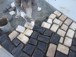 駐車場の床面に、黒や薄いベージュの耐火レンガをひとつひとつ丁寧に敷いていきます。水平器で高さを調整しながら仕上げていきますよ!
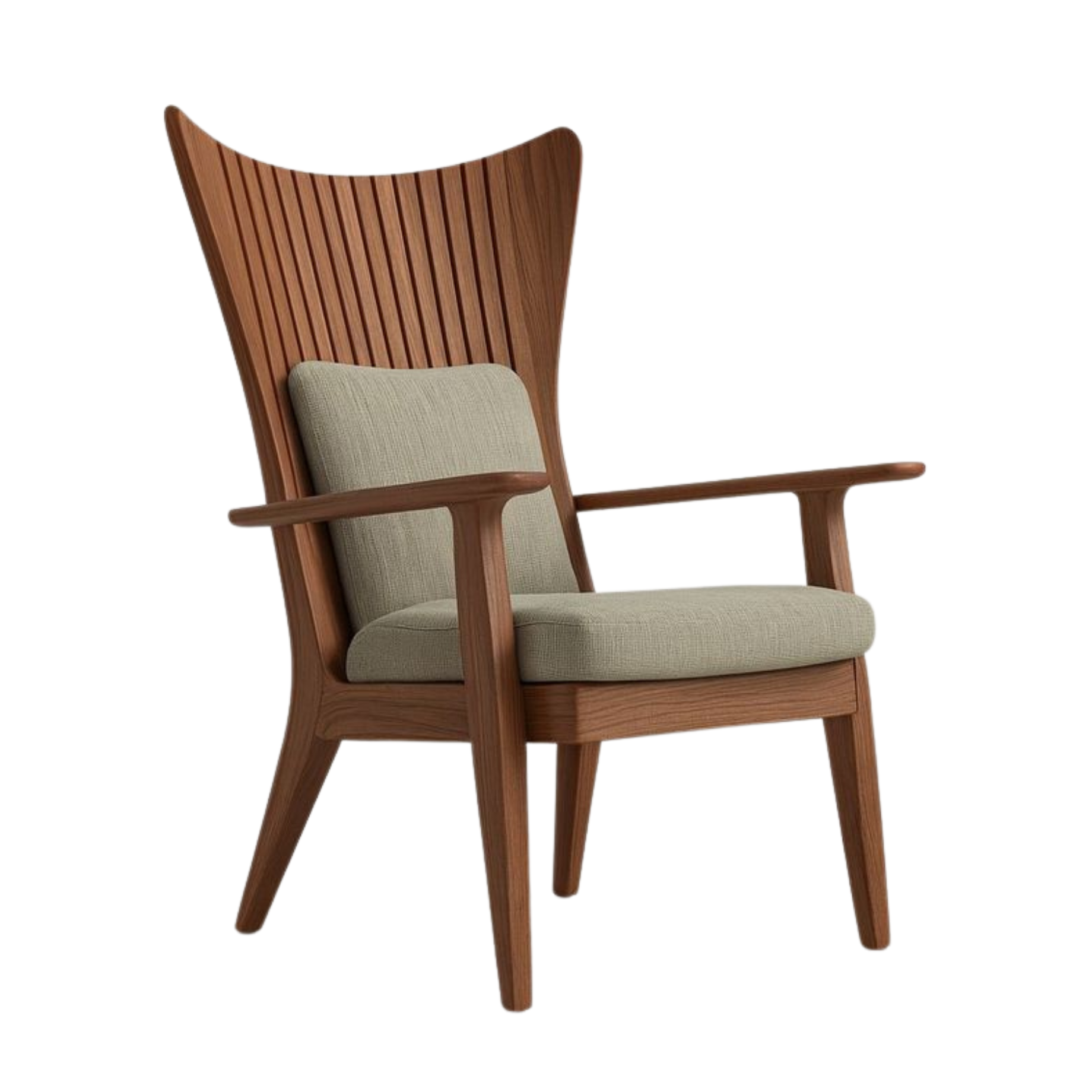 Modern Solid Wood Armchair – Scandinavian Lounge Chair with Upholstered Cushion
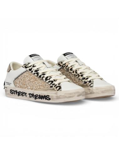 La tomaia in pelle bianca con glitter oro è valorizzata da dettagli in lamina platino per un contrasto luxury. Il talloncino in cracklé platino, la linguetta in pelle bianca con label logata in tessuto e il patch posteriore in pelle nera rafforzano il branding. I lacci bianchi in cotone mantengono il look pulito, mentre la grafica laterale “Street Dreams” spinge l’identità fashion.
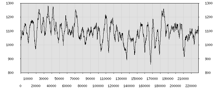 (по горизонтали: счётчик знаков; по вертикали: процент диалогов; размер скользящего окна: знаков, шаг: 1000 знаков) |

PROBLEM. The answer should be an exact copy of the material, with its pictures removed.

WORKED SOLUTION.
 駐車場の床面に、黒や薄いベージュの耐火レンガをひとつひとつ丁寧に敷いていきます。水平器で高さを調整しながら仕上げていきますよ!
 Modern Solid Wood Armchair – Scandinavian Lounge Chair with Upholstered Cushion
 La tomaia in pelle bianca con glitter oro è valorizzata da dettagli in lamina platino per un contrasto luxury. Il talloncino in cracklé platino, la linguetta in pelle bianca con label logata in tessuto e il patch posteriore in pelle nera rafforzano il branding. I lacci bianchi in cotone mantengono il look pulito, mentre la grafica laterale “Street Dreams” spinge l’identità fashion.
 (по горизонтали: счётчик знаков; по вертикали: процент диалогов; размер скользящего окна: знаков, шаг: 1000 знаков) |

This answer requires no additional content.